Zizi Li is a PhD student in Cinema and Media Studies whose works revolve around layered oppressions of race, gender, class, sexuality, and geography. Her ongoing dissertation, Influencer Ecosystem: Labor and Infrastructure of and beyond Digital Platforms, brings media industries and critical infrastructures together to unpack the co-constitution of global media networks and commodity chains, and to build transnational feminist solidarities against dark-value-extractions. Her other works-in-progress examine and center intersectional and transnational BIPOC feminist and decolonial praxis in film and media productions. Her work has appeared in Hyperrhiz: New Media Culture.
Mariam Rahmani is a PhD candidate in Comparative Literature. Her dissertation, Gender in Translation: Posing the Question of the Queer via Contemporary Iran, examines the linguistic and cultural (un)translatability of queerness.

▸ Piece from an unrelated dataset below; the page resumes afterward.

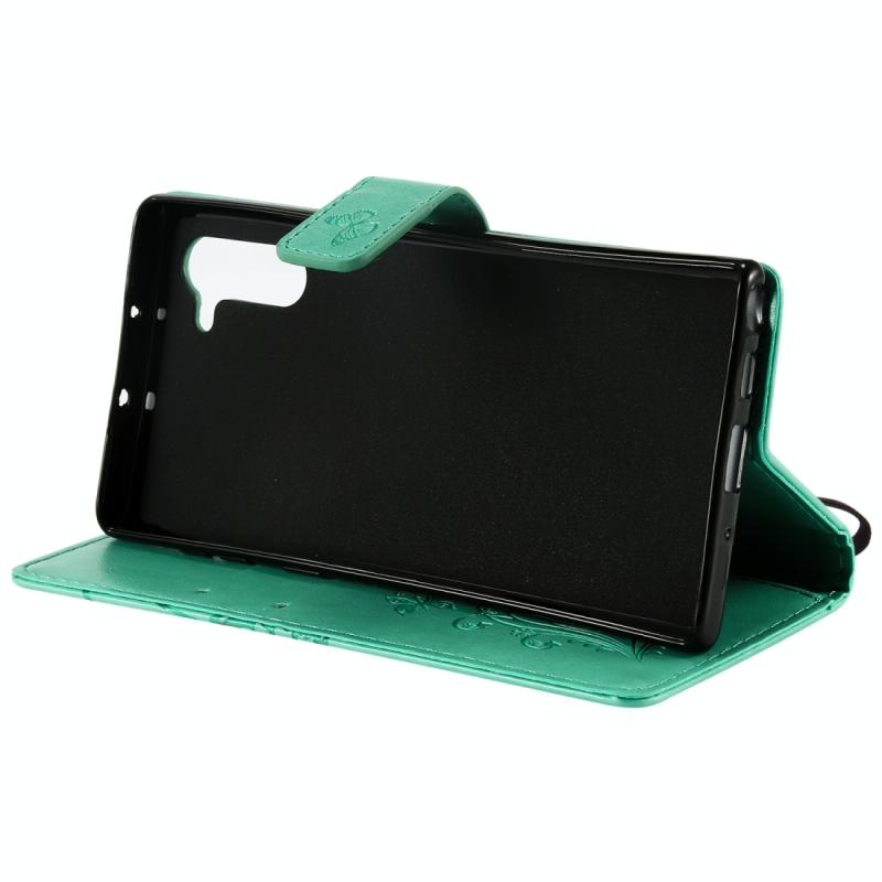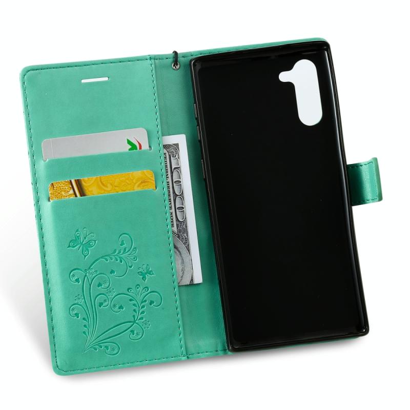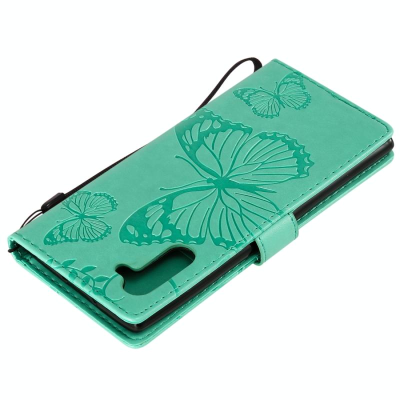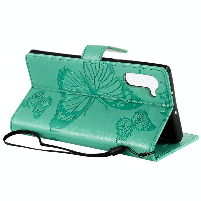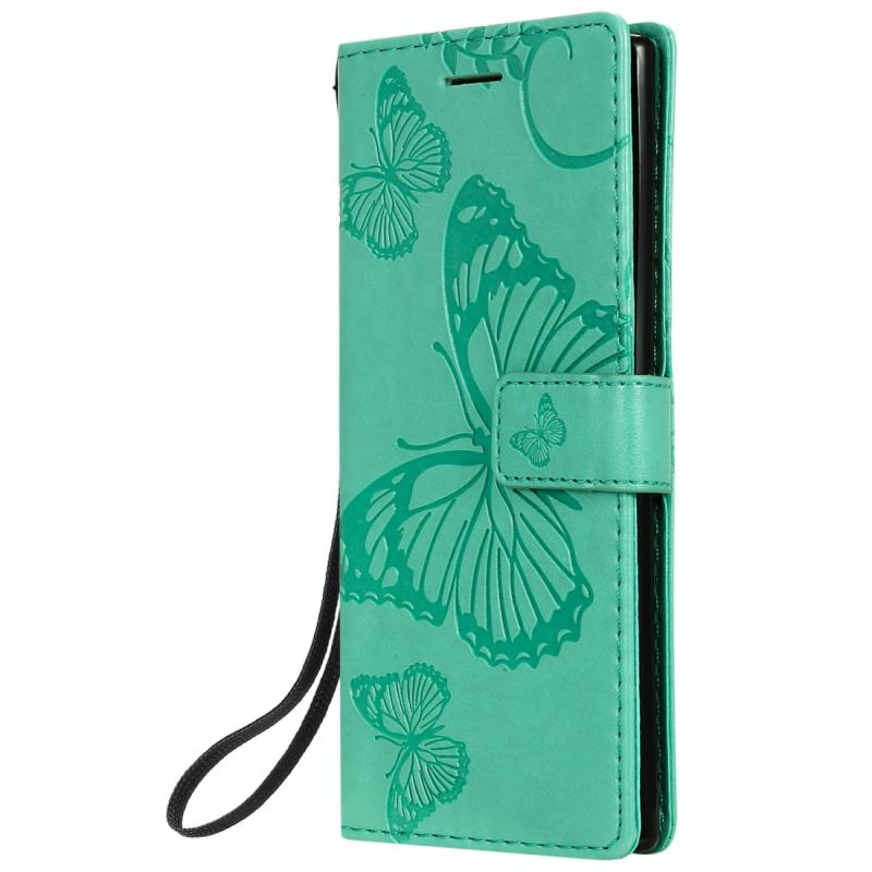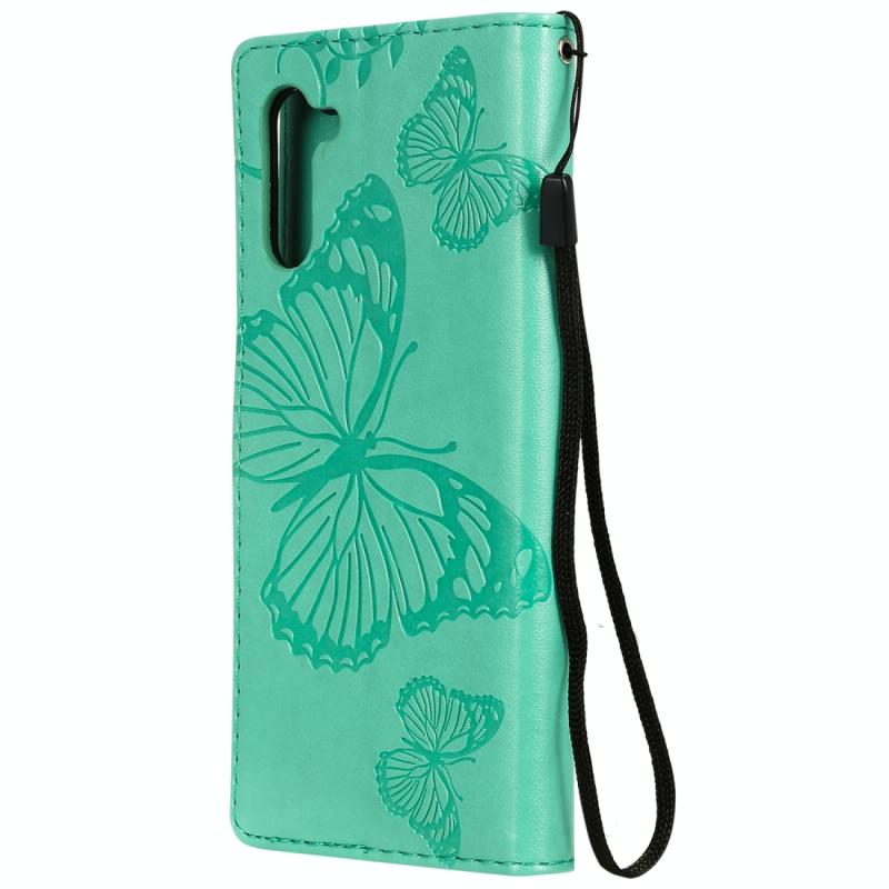 Pressed Printing Butterfly Pattern Horizontal Flip PU Leather Case with Holder & Card Slots & Wallet & Lanyard For Galaxy Note 10(Green)

Don’t Worry, Rahmani’s translation of Mahsa Mohebali’s popular novel, Nigarān nabāsh, first published in Tehran in 2008, is forthcoming with Feminist Press; in 2018, the project received the support of a 2018 PEN/Heim translation grant. Rahmani received a BA from Princeton University and an MSt in Islamic Art from the University of Oxford.
Tyrrell Shaffner is an MFA student in Screenwriting. She explores trauma and desire through the lens of comedy. She also holds a BA in Film Production from USC and was an experienced producer in digital media prior to pursuing screenwriting. Later this year, Tyrrell plans to direct her sex positive, award-winning screenplay (a quarterfinalist for the Academy’s Nicholl Fellowship, among others) as her first feature length film.
Heidi West is a PhD student in Health Policy and Management in the Fielding School of Public Health. She works at the intersection of migration, gender and health, primarily in the global context, and explores links between international frameworks and population health outcomes. Her academic work is bolstered by over a decade of international program development and management experience where she used evidence-based approaches to build capacity and improve collaboration for diverse institutions.